It Is Time For Spiritual Parenting

March 7, 2014 — 5 Comments

It was on a cold winter’s day, in the privacy of my home study and I was complaining to God about my daughter’s stunted spiritual development.

Spiritual Parenting

Spiritual Parenting

“Lord,” I cried.  “Before her baptism three months ago, every day she seemed more curious about you.  She had a spiritual hunger, an incessant interest in the things of God.  But now, O’ Lord, she just seems stuck.  The curiosity has subsided; the desire to learn new spiritual things has waned.  Please do something in her life, send someone to help her move further along on her spiritual journey with you.”

It was then that it hit me, as if God had wacked me on the crown and woke me from my stupor.  I didn’t hear an audible voice, but the impression the Lord gave me was clear.  I sensed him ask me a question.

Without doubt, I was certain he was speaking to my spirit.  He was asking, “Greg, who did I establish as spiritual leader of your home?  Who will I ultimately hold responsible for the spiritual guidance your children receive?”

I responded, “Me, Lord.”

It was in that moment that my prayer changed.  I now could see God had already, long before, answered my original appeal to him.  He had sent my daughter someone who was given the task of shepherding her soul God-ward, someone who would inspire her with his example and instruct her with his testimony.

I was that person, the answer to my own prayer.

Do you have children?  If you do, it is the same for you.  God has already placed you in the life of your child to lead them spiritually.

You are the chosen one to introduce them to the God who gives them a redeemed identity and sets them on a course to fulfill their divinely given mission.  The task of leaving a spiritual legacy has been given to you.

And let’s be clear on what is at stake.  If you don’t lead your child, someone else will.  You might not like where they lead them.  If you do not lead them to discover the Lord’s ways, the culture will gladly help them define their identity by the perspective of this fallen world.

In fact, they will gladly shape the identity of your child for as shallow a reason as to obligate them to their company’s product brand.  If you don’t help them set their sails in the direction of the God-ward seas, they will most certainly sink deep in the lonely bay of godless sin. (Tweet That)

The spiritual direction of the next generations will be largely influenced, positively or negatively, by the choices you make with your spiritual leadership at home.  How you lead will profoundly shape your family tree for generations to come.

Parents!  We build homes, careers, and organizations that advance causes.  We build portfolios, construct companies, develop cities, and erect monuments.  But are we building a generation to follow us?  Are we leaving a legacy that will empower our sons and daughters to rise up and shape the next century for the glory of God?

Are we growing in our relationship with God ourselves and sharing that growing faith with our children?  The need for spiritual parenting has never been greater.  Won’t you devote yourself to this God-given task?
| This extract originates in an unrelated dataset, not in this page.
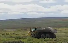 Шарнирно-сочленённый самосвал фирмы Caterpillar около Хальмер-Ю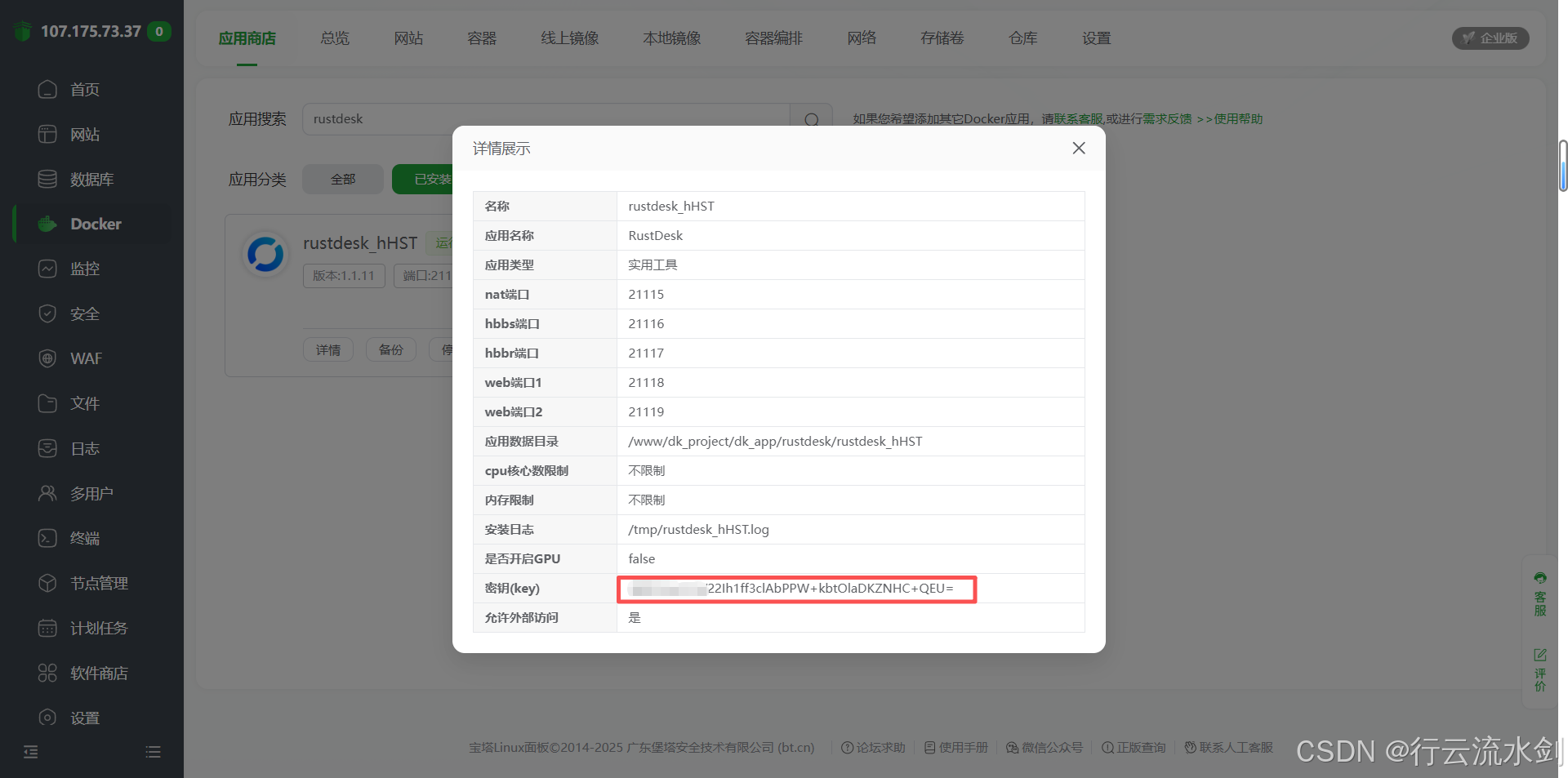 通过 宝塔面板 + Docker 的组合,我们实现了 RustDesk 服务端的零命令、可视化部署,整个过程简单高效,非常适合个人用户、开发者或小型团队搭建私有化远程控制方案。

Question:  What will you do, starting now, to begin sharing your faith in God with your kids?  You can leave a comment by clicking here.

Greg Faulls


5 responses to It Is Time For Spiritual Parenting

  1. Excellent word!

    • Thanks! Since you are my wife and the mother of my children, let just acknowledge that you are a great partner in rearing our children spiritually. Love you!

  2. Great message and it really reflects on society today. For to long people felt as long as my children get saved they will be alright.

    But a one time Salvation commitment is not what Christ wants for them, or us. We must Mentor them in a never ending growing walk with Christ, and to do that, they must see that in us.

  3. Glenita Roberts March 13, 2014 at 6:30 pm

    Genesis 1:28 says “Then God blessed them and said, “Be fruitful and multiply.” I have always thought this just meant to have children. Beth Moore brought this into a different light in a book that I’ve been reading. Each of us, parent or not, have a responsibility to help multiply the Christian faith in the next generation. God places those younger, in age and spiritual maturity in our lives. When that happens, we become “spiritual parents” and have “spiritutal children”. That title made me look at my role at Bellevue in a whole new light.